Load and use the RoBERTA model in 🤗 Transformers’ FillMaskPipeline:
>>> from random import randint
>>> from transformers import pipeline
>>> fillmask = pipeline("fill-mask", model="roberta-base")
>>> mask_token = fillmask.tokenizer.mask_token
>>> smaller_dataset = dataset.filter(lambda e, i: i<100, with_indices=True)
Create a function to randomly select a word to mask in the sentence. The function should also return the original sentence and the top two replacements generated by RoBERTA.
>>> def augment_data(examples):
... outputs = []
... for sentence in examples["sentence1"]:
... words = sentence.split(' ')
... K = randint(1, len(words)-1)
... masked_sentence = " ".join(words[:K] + [mask_token] + words[K+1:])
... predictions = fillmask(masked_sentence)
... augmented_sequences = [predictions[i]["sequence"] for i in range(3)]
... outputs += [sentence] + augmented_sequences
...
... return {"data": outputs}
Use map() to apply the function over the whole dataset:
>>> augmented_dataset = smaller_dataset.map(augment_data, batched=True, remove_columns=dataset.column_names, batch_size=8)
>>> augmented_dataset[:9]["data"]
['Amrozi accused his brother , whom he called " the witness " , of deliberately distorting his evidence .',
'Amrozi accused his brother, whom he called " the witness ", of deliberately withholding his evidence.',
'Amrozi accused his brother, whom he called " the witness ", of deliberately suppressing his evidence.',
'Amrozi accused his brother, whom he called " the witness ", of deliberately destroying his evidence.',
"Yucaipa owned Dominick 's before selling the chain to Safeway in 1998 for $ 2.5 billion .",
'Yucaipa owned Dominick Stores before selling the chain to Safeway in 1998 for $ 2.5 billion.',
"Yucaipa owned Dominick's before selling the chain to Safeway in 1998 for $ 2.5 billion.",
'Yucaipa owned Dominick Pizza before selling the chain to Safeway in 1998 for $ 2.5 billion.'
]
For each original sentence, RoBERTA augmented a random word with three alternatives.
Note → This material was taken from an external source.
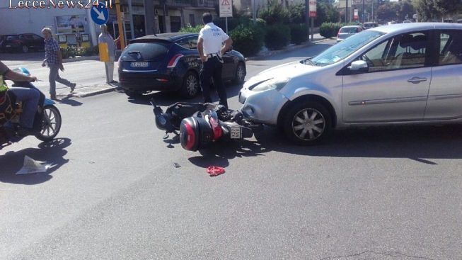 È di un ferito, fortunatamente in modo lieve, il bilancio dell’incidente stradale avvenuto all’incrocio della strada che da Lecce conduce alla marina di Frigole. Le cause che hanno provocato il sinistro sono ancora tutte da ricostruire, fatto sta che, quando mancava qualche minuto alle 15.00, un’auto – una Clio grigia guidata da una donna di Giorgilorio – si è scontrata con uno scooter. In sella alla due ruote un edicolante 60enne che ha avuto la peggio. Nell’impatto con l’asfalto dopo l’urto con la vettura, infatti, l’uomo ha riportato piccole escoriazioni, ma nulla di grave. Solo tanta paura per entrambi i protagonisti della vicenda.

The original word distorting
is supplemented by withholding
, suppressing
, and destroying
.
Process multiple splits
Many datasets have splits that can be processed simultaneously with DatasetDict.map(). For example, tokenize the sentence1
field in the train and test split by:
>>> from datasets import load_dataset
# load all the splits
>>> dataset = load_dataset('glue', 'mrpc')
>>> encoded_dataset = dataset.map(lambda examples: tokenizer(examples["sentence1"]), batched=True)
>>> encoded_dataset["train"][0]
{'sentence1': 'Amrozi accused his brother , whom he called " the witness " , of deliberately distorting his evidence .',
'sentence2': 'Referring to him as only " the witness " , Amrozi accused his brother of deliberately distorting his evidence .',
'label': 1,
'idx': 0,
'input_ids': [ 101, 7277, 2180, 5303, 4806, 1117, 1711, 117, 2292, 1119, 1270, 107, 1103, 7737, 107, 117, 1104, 9938, 4267, 12223, 21811, 1117, 2554, 119, 102],
'token_type_ids': [0, 0, 0, 0, 0, 0, 0, 0, 0, 0, 0, 0, 0, 0, 0, 0, 0, 0, 0, 0, 0, 0, 0, 0, 0],
'attention_mask': [1, 1, 1, 1, 1, 1, 1, 1, 1, 1, 1, 1, 1, 1, 1, 1, 1, 1, 1, 1, 1, 1, 1, 1, 1]
}
Distributed usage
When you use map() in a distributed setting, you should also use torch.distributed.barrier. This ensures the main process performs the mapping, while the other processes load the results, thereby avoiding duplicate work.
The following example shows how you can use torch.distributed.barrier
to synchronize the processes:
>>> from datasets import Dataset
>>> import torch.distributed
>>> dataset1 = Dataset.from_dict({"a": [0, 1, 2]})
>>> if training_args.local_rank > 0:
... print("Waiting for main process to perform the mapping")
... torch.distributed.barrier()
>>> dataset2 = dataset1.map(lambda x: {"a": x["a"] + 1})
>>> if training_args.local_rank == 0:
... print("Loading results from main process")
... torch.distributed.barrier()
Batch
The batch()
method allows you to group samples from the dataset into batches. This is particularly useful when you want to create batches of data for training or evaluation, especially when working with deep learning models.
Here’s an example of how to use the batch()
method:
>>> from datasets import load_dataset
>>> dataset = load_dataset("rotten_tomatoes", split="train")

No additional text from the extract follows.